Diaries, the Next Book: Fragmented Lives

I am scrunched into as small a ball as I can curl myself, the warm, scratchy wool coat rubs my back, the stale smell of worn shoes in my nose. I closed the door on myself to shut out the sounds coming from the kitchen. It’s dark, close and safe where I am. No one can see or hear my breathing, my thumping heart.

Pop is shouting, his words slurred and blurry to my ears. Mother is shouting back; her anger and accusations clear even though I don’t know all the words. The words are familiar; I catch one here and there that I don’t understand, but they use the same words every time. But their emotions don’t need words I know. I can feel the hurt, feel the passion even without understanding.

Pop was drinking again. He had been out until early morning, and his stumbling awoke us all. I wondered where he got the money to drink. We were always scrambling to garner enough money to pay rent. My older brother worked part-time at the packing houses–they were always looking for cheap labor—and he would give money to Mother to help out. I wished I were older so I could help more, but in the meantime, I just made myself as small as possible, to stay out of the way.

Pop could be so nice.

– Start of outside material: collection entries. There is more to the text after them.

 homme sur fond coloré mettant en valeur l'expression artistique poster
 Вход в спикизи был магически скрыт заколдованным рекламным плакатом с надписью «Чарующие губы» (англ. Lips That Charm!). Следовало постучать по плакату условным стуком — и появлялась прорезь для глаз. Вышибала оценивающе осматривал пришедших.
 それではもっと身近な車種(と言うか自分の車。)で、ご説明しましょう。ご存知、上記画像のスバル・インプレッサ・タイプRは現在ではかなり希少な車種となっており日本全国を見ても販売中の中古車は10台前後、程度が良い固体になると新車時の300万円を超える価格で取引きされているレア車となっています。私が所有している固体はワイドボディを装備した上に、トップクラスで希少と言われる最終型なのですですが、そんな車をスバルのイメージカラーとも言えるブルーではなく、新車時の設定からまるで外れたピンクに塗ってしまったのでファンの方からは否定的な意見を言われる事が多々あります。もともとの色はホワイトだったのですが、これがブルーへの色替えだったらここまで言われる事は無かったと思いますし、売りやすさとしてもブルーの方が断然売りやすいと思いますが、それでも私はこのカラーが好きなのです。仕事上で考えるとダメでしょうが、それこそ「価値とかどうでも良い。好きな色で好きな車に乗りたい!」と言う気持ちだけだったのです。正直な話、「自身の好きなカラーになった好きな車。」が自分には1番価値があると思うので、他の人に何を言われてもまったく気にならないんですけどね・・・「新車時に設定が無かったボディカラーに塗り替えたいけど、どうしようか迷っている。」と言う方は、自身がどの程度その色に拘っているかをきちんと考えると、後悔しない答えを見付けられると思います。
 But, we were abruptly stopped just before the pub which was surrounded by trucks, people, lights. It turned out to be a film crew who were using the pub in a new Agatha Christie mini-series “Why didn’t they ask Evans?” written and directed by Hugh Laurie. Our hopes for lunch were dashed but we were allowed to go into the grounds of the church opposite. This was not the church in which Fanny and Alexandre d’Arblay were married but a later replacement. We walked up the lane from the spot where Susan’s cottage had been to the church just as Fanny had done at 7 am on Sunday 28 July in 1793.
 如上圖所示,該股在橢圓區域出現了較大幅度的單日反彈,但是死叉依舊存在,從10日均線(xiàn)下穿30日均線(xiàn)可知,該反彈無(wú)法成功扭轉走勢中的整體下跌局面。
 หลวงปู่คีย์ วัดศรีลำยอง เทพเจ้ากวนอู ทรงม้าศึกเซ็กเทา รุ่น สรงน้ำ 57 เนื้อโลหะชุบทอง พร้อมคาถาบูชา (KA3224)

I loved sitting on his lap, he would tell me stories of the men he helped get jobs as they come to this new country. He helped mostly those coming from Hiroshima, the prefecture he came from, but sometimes he would help others who had no connections established. His family had sent him over to get an education. Instead, he found schooling in a foreign tongue too difficult, and the lure of the bottle too easy to resist. His education fell by the wayside, even though he used his street sense to get paid to help others and his command of English better than most compensated for his lack of steady work.

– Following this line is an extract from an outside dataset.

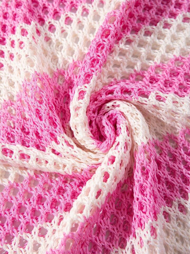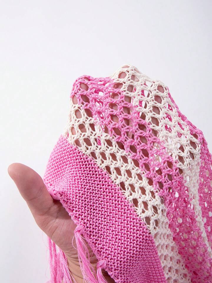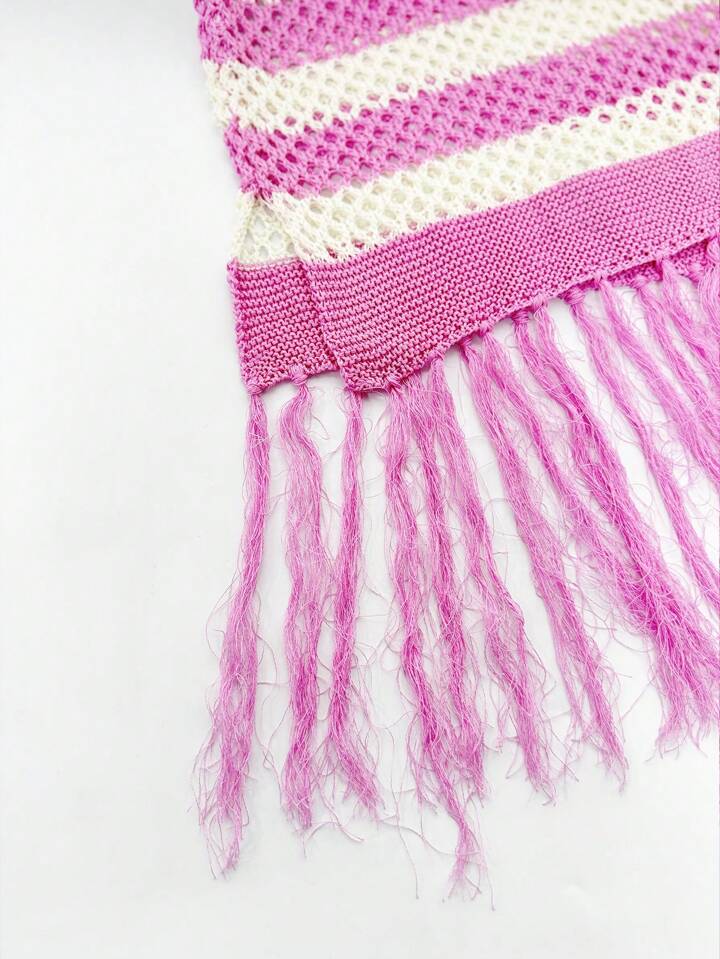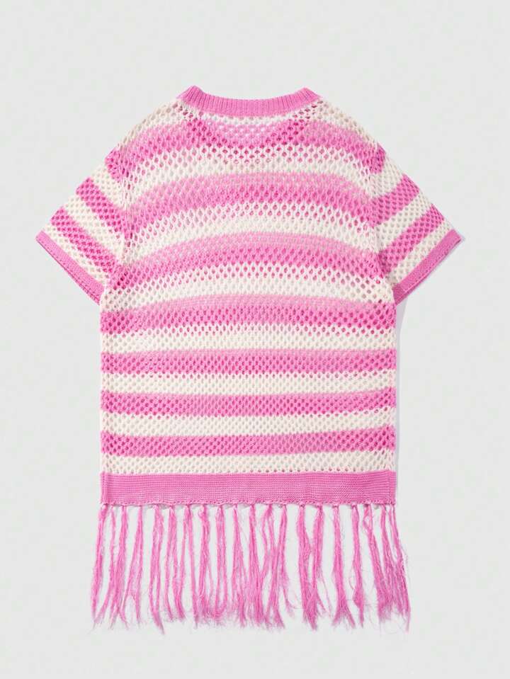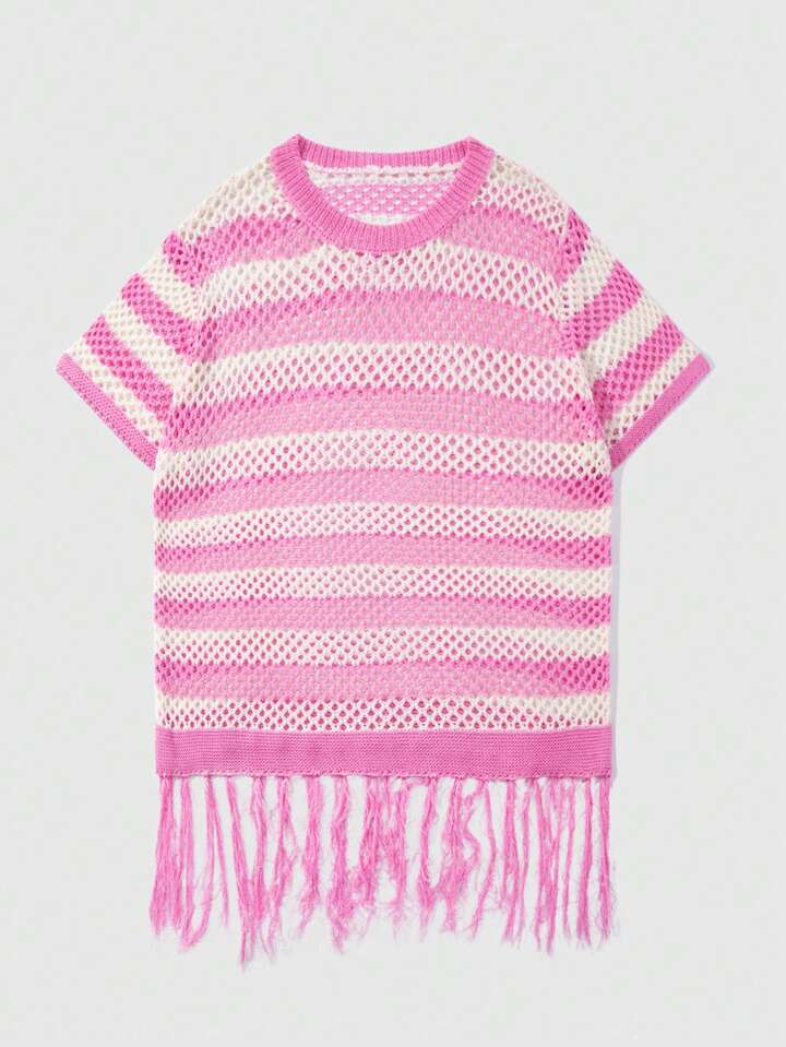 Street Life Men Hollow Striped Tasseled Knit Short Sleeve Round Neck Top, Summer Vacation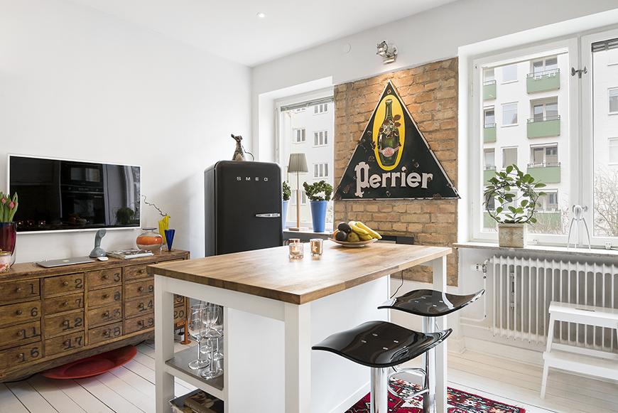La mini cocina, el salón estar y la zona de trabajo y lectura, comparten espacio sin tabiquerías que los separen, creando un ambiente unitario para compartir y disfrutar. En la cocina, el pequeño detalle de la pared de ladrillo visto, aporta calidez y personalidad, al igual de cada una de las piezas eclécticas en color, elegidas para cada espacio. En definitiva, se trata de un apartamento original, que aprovecha la entrada de luz a través de sus ventanales, de forma increíble, haciendo resaltar los espacios y sus piezas. Un mix ecléctico ideal entre vintage y rústico, con acentos en industrial y nórdico. Es de ese tipo de interiores en los que confluye todo y combina de forma equilibrada, creándose una atmósfera muy agradable y cálida, con un solado en madera natural que refuerza todo el interiorismo.

His family in Hiroshima was quite prominent, money made in trading goods. They were wealthy enough to send the second son to America and even though the oldest had wanted to go, he had to stay back to manage the property he was to inherit.

America wasn’t what he expected. Everyone was white and tall; those were the people in power. He had come from status, but here he was nothing—a nobody. And worse, a yellow nobody. The first drinks had dulled the pain, the shame. And later, the drinks dulled the shame of drinking.

Mother’s anger was understandable. She had several jobs to make ends meet. When Pop wouldn’t come home, she would have to fend for herself and us. She worked at the packing shed, the same place Ben would go, managed the boarding house we lived at which only meant she cooked and cleaned after the laborers who lived here with us; she would pick up odd jobs cleaning for others. Her English was worse than my dad’s, so she socialized mostly with the other Issei (first generation) ladies whose English was equally bad. She found herself home alone many evenings.

I excelled at school. I loved literature, my girlfriends, the picture of George Washington on the wall and the flag with 48 stars. In the morning we said the Pledge of Allegiance, we would have lunch in the big cafeteria, our bento boxes with rice balls and the smell of tsukemono (pickled vegetables) shouting out our Japanese-ness while the white girls would have their brown bag white bread sandwiches. After school some of us would play tennis or go to Japanese school at the Buddhist church. There were always movies and plays put on by the Japanese community. Movies were often from Japan, but we had the Hollywood movies, too.

At school I wouldn’t have to face Pop who might be the happy Pop that I loved, or the scary Pop who shouted at Mother—the Pop that I feared. School was a safe zone. Nothing extraordinary ever happened there. Every day was like the other, the routine safe, secure. Home was uncertain, a pot always on the verge of boiling over.

This was my life in 1934, in the little town of Guadalupe, California.